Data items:
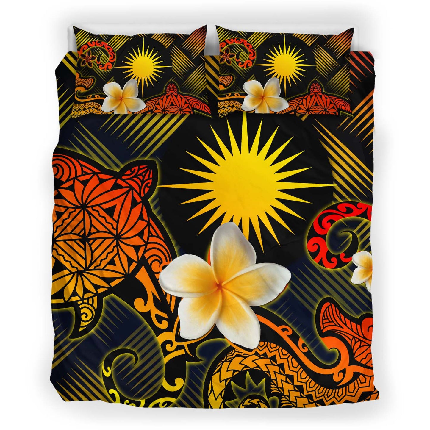 Marshall Islands Polynesian Bedding Set - Lauhala Turtle Plumeria Tropical
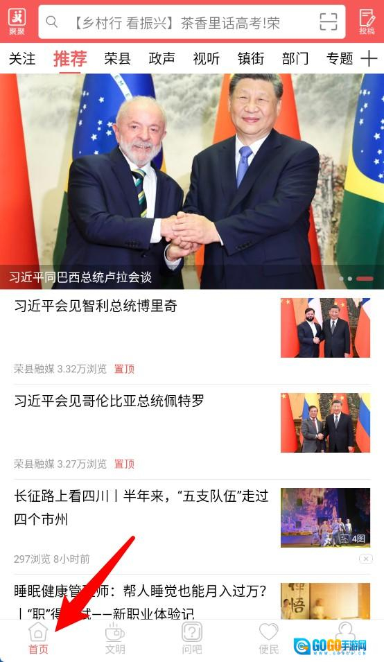 1、首页呈现最新推荐的资讯和要闻,点击下方的首页按钮能够随时回到主界面。
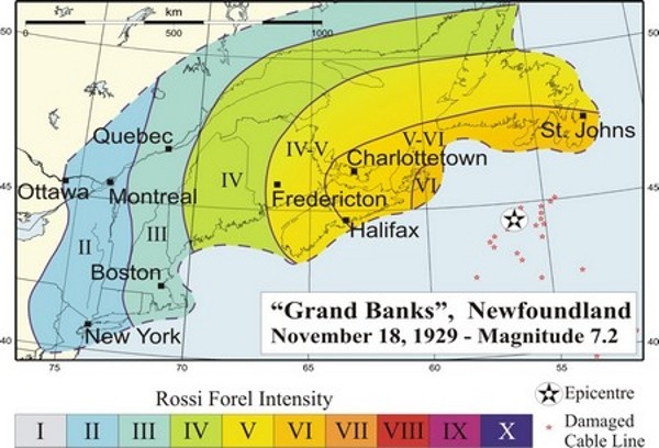The afternoon earthquake was felt from the Dominion of Newfoundland to parts of Quebec and the Eastern seaboard of the United States. It was so strong, according to The Chronicle Herald of the day, the seismograph at Dalhousie broke during the strongest part of the quake but continued to record the disturbance for the next two and half hours.
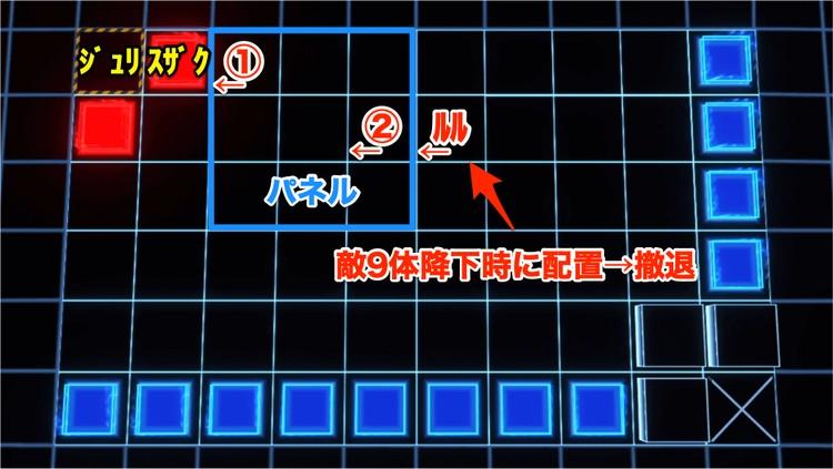 ┗左は出し入れするキャラでブロックして進行を遅らせると特式カレン配置が間に合う - 初動の雑魚敵をKMFスキルで撃破したら特式にフレームコートを装着
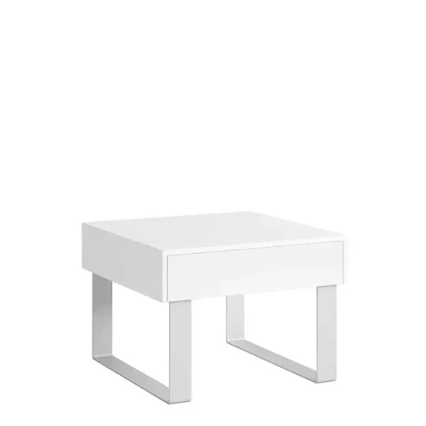 Okrągły stolik kawowy z kolekcji ETA ma blat w kolorze dąb artisan, wykonany z wysokiej jakości płyty laminowanej grubości 32 mm. Ława do salonu osadzona jest na czarnych metalowych nogach wykonanych z profilu o grubości 20 mm. Stolik jest lekki, więc bez problemu go przestawisz, dzięki czemu świetnie sprawdzi się w małym mieszkaniu. Stelaż delikatnie nachodzi na blat co prezentuje się ciekawie i nowocześnie.
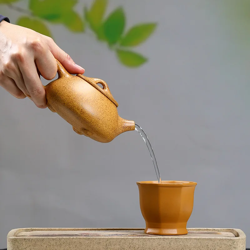 This piece is crafted from Duan Ni, a yellowish Zisha clay prized for its mineral richness and moderate porosity. The clay is reduction-fired to deepen its tone and enhance its breathability, resulting in a speckled, sand-like surface that feels both ancient and elemental.
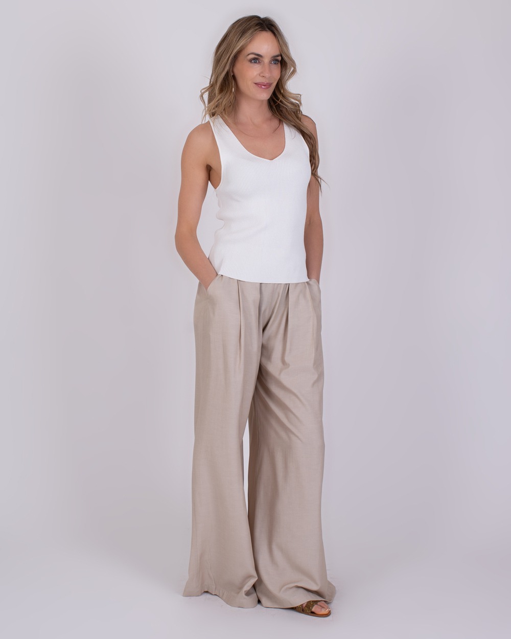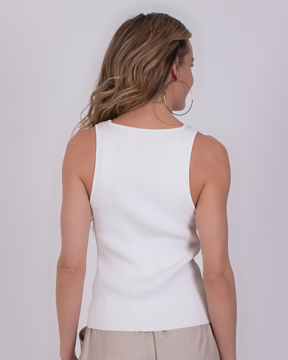De zachte, gebreide structuur voelt prettig aan op de huid en maakt deze top ideaal voor dagelijks gebruik. Perfect om los te dragen op warme dagen of te combineren met een vest of blazer voor een gelaagde outfit. Een veelzijdige basic die comfort en stijl moeiteloos samenbrengt.
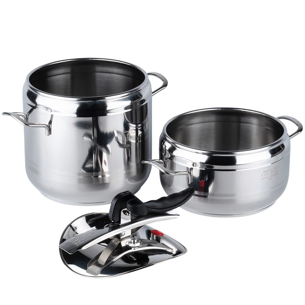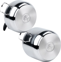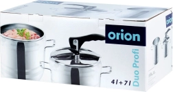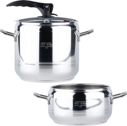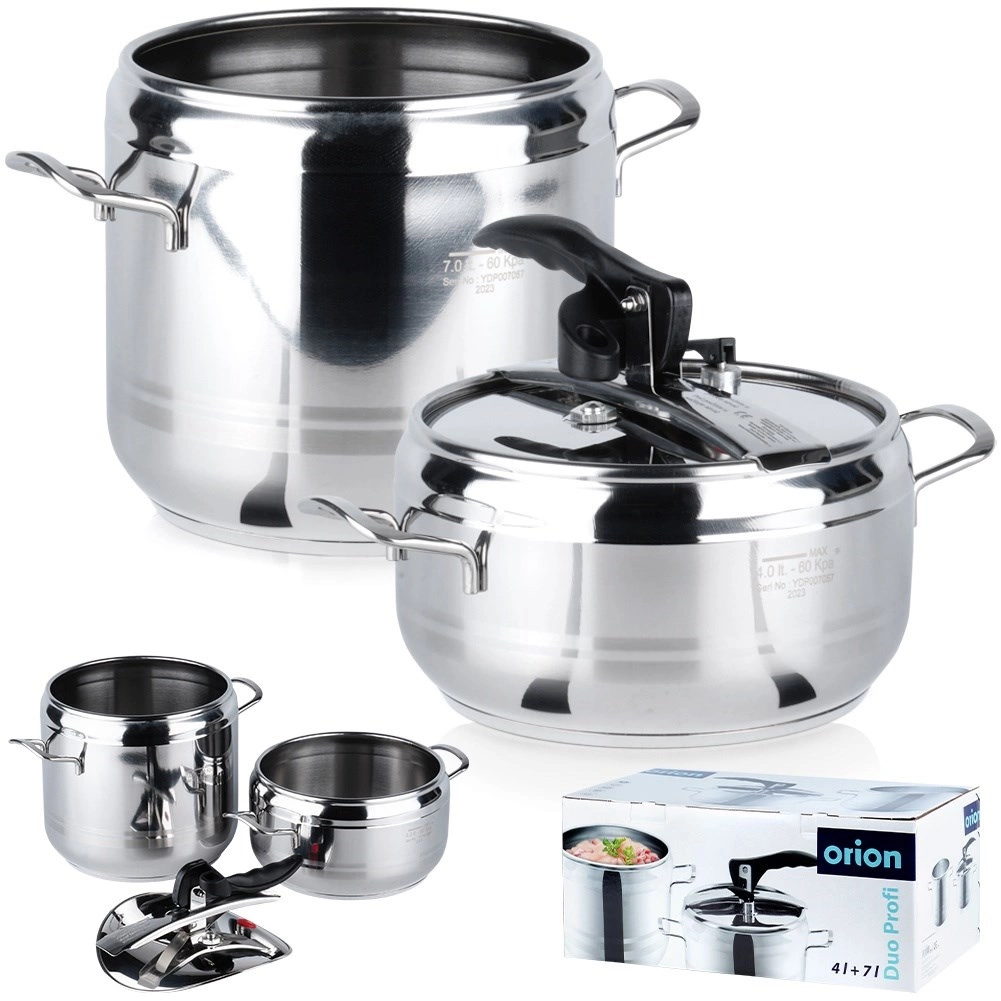 Set practic de două oale sub presiune din oțel inoxidabil, cu volume de 4 și 7 litri și un singur capac universal pentru gătit rapid și economic. Datorită gătitului sub presiune, preparatele sunt gata mult mai repede, cu un consum mai mic de energie și cu păstrarea gustului și a nutrienților. Setul este compatibil cu plite pe gaz, electrice, vitroceramice, cu halogen și cu inducție și oferă utilizare sigură datorită 2 supapelor de siguranță și posibilității de reglare a presiunii. Oțelul inoxidabil de calitate și fundul akutermic în 3 straturi asigură încălzire uniformă și durată de viață îndelungată.
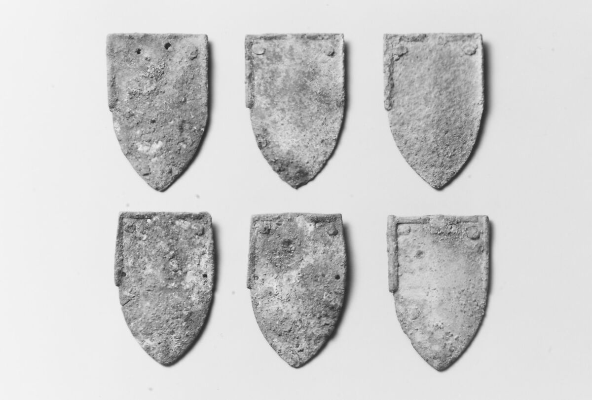 These six scales come from a group of approximately three to four hundred recovered from a region of New Mexico that the Spanish explored and later colonized during the sixteenth and seventeenth centuries. Originally the scales would have been riveted in an overlapping pattern, like shingles, to the outside of a leather or textile jacket (traces of fiber, apparently wool, remain under some of the rivet heads). They are important because there is otherwise very little evidence for the use of scale armor in the New World. Scale armor was largely obsolete in Europe by the time of the colonization of the American Southwest.
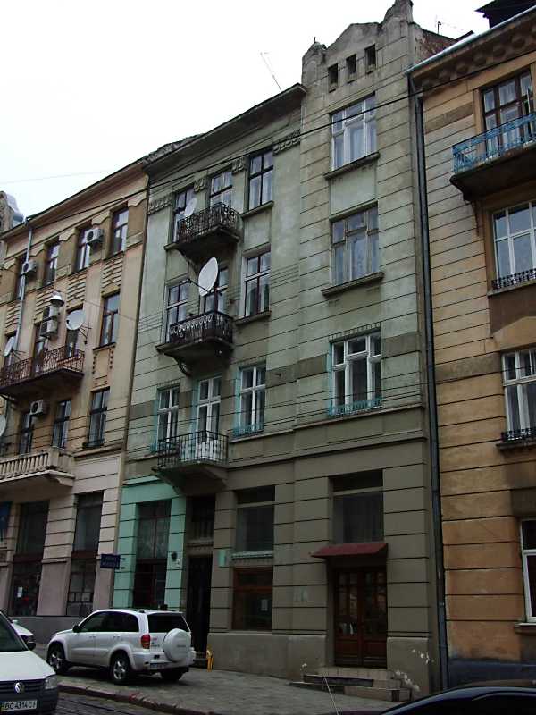 Житловий будинок (№ 4)Розмір зображення: 600:800 піксел Житловий будинок у стилі сецесії спроектовано архітекторами Владиславом Дердацьким та Вітольдом Мінкевичем у 1909 році; побудований фірмою Івана Левинського. |
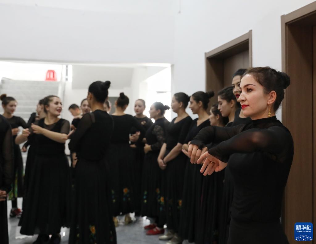 舞蹈演員古麗巴努爾·庫爾恰克(右一)和同伴們在塔縣文化服務(wù)中心劇場(chǎng)后臺等候排練(9月4日攝)。新華社記者 程婷婷 攝
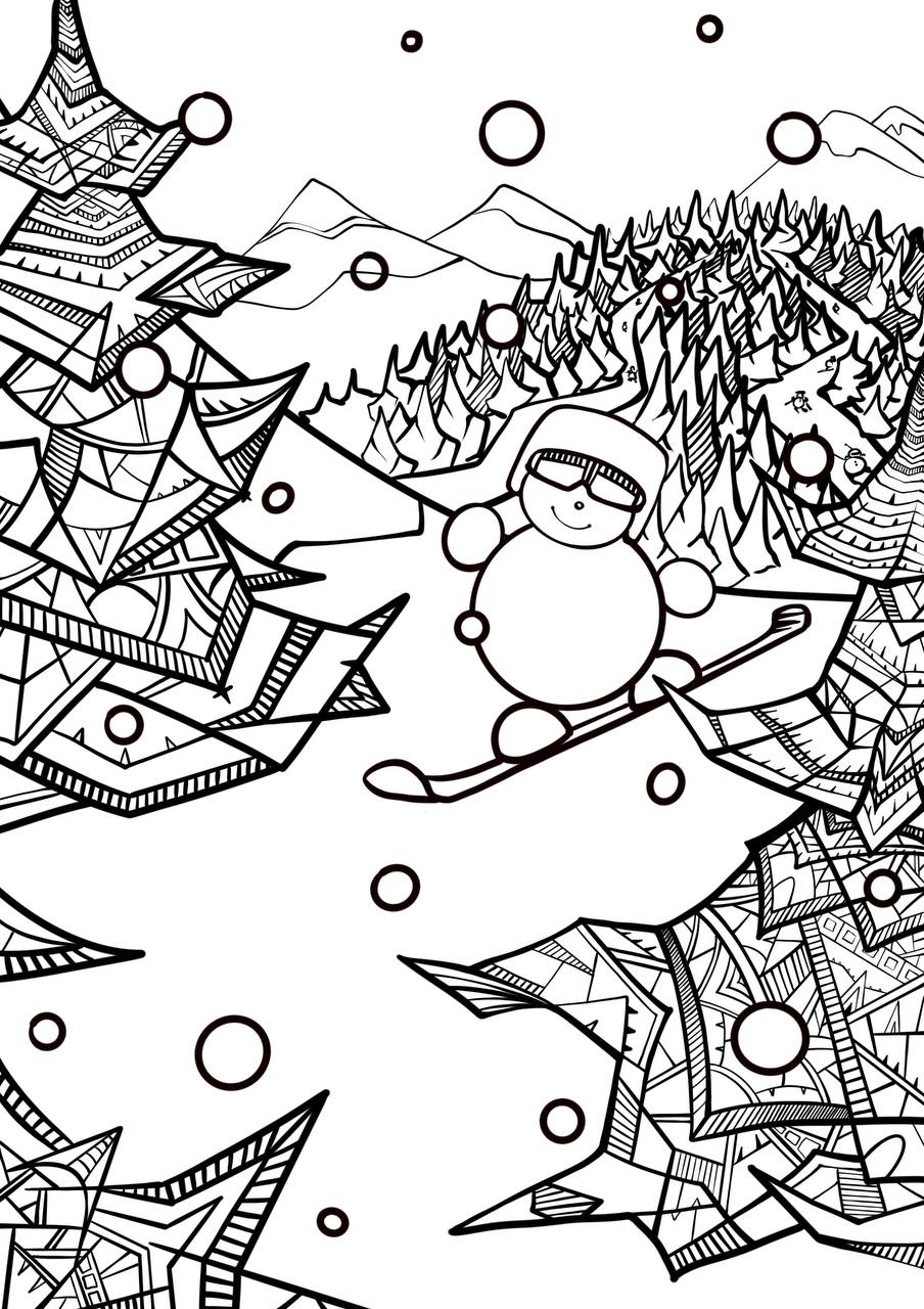 снеговик катается на сноуборде

▶ PROMPT
The entries above must be output exactly, with every image left out.

▶ REPLY
 Marshall Islands Polynesian Bedding Set - Lauhala Turtle Plumeria Tropical
 1、首页呈现最新推荐的资讯和要闻,点击下方的首页按钮能够随时回到主界面。
The afternoon earthquake was felt from the Dominion of Newfoundland to parts of Quebec and the Eastern seaboard of the United States. It was so strong, according to The Chronicle Herald of the day, the seismograph at Dalhousie broke during the strongest part of the quake but continued to record the disturbance for the next two and half hours.
 ┗左は出し入れするキャラでブロックして進行を遅らせると特式カレン配置が間に合う - 初動の雑魚敵をKMFスキルで撃破したら特式にフレームコートを装着
 Okrągły stolik kawowy z kolekcji ETA ma blat w kolorze dąb artisan, wykonany z wysokiej jakości płyty laminowanej grubości 32 mm. Ława do salonu osadzona jest na czarnych metalowych nogach wykonanych z profilu o grubości 20 mm. Stolik jest lekki, więc bez problemu go przestawisz, dzięki czemu świetnie sprawdzi się w małym mieszkaniu. Stelaż delikatnie nachodzi na blat co prezentuje się ciekawie i nowocześnie.
 This piece is crafted from Duan Ni, a yellowish Zisha clay prized for its mineral richness and moderate porosity. The clay is reduction-fired to deepen its tone and enhance its breathability, resulting in a speckled, sand-like surface that feels both ancient and elemental.
De zachte, gebreide structuur voelt prettig aan op de huid en maakt deze top ideaal voor dagelijks gebruik. Perfect om los te dragen op warme dagen of te combineren met een vest of blazer voor een gelaagde outfit. Een veelzijdige basic die comfort en stijl moeiteloos samenbrengt.
 Set practic de două oale sub presiune din oțel inoxidabil, cu volume de 4 și 7 litri și un singur capac universal pentru gătit rapid și economic. Datorită gătitului sub presiune, preparatele sunt gata mult mai repede, cu un consum mai mic de energie și cu păstrarea gustului și a nutrienților. Setul este compatibil cu plite pe gaz, electrice, vitroceramice, cu halogen și cu inducție și oferă utilizare sigură datorită 2 supapelor de siguranță și posibilității de reglare a presiunii. Oțelul inoxidabil de calitate și fundul akutermic în 3 straturi asigură încălzire uniformă și durată de viață îndelungată.
 These six scales come from a group of approximately three to four hundred recovered from a region of New Mexico that the Spanish explored and later colonized during the sixteenth and seventeenth centuries. Originally the scales would have been riveted in an overlapping pattern, like shingles, to the outside of a leather or textile jacket (traces of fiber, apparently wool, remain under some of the rivet heads). They are important because there is otherwise very little evidence for the use of scale armor in the New World. Scale armor was largely obsolete in Europe by the time of the colonization of the American Southwest.
 Житловий будинок (№ 4)Розмір зображення: 600:800 піксел Житловий будинок у стилі сецесії спроектовано архітекторами Владиславом Дердацьким та Вітольдом Мінкевичем у 1909 році; побудований фірмою Івана Левинського. |
 舞蹈演員古麗巴努爾·庫爾恰克(右一)和同伴們在塔縣文化服務(wù)中心劇場(chǎng)后臺等候排練(9月4日攝)。新華社記者 程婷婷 攝
 снеговик катается на сноуборде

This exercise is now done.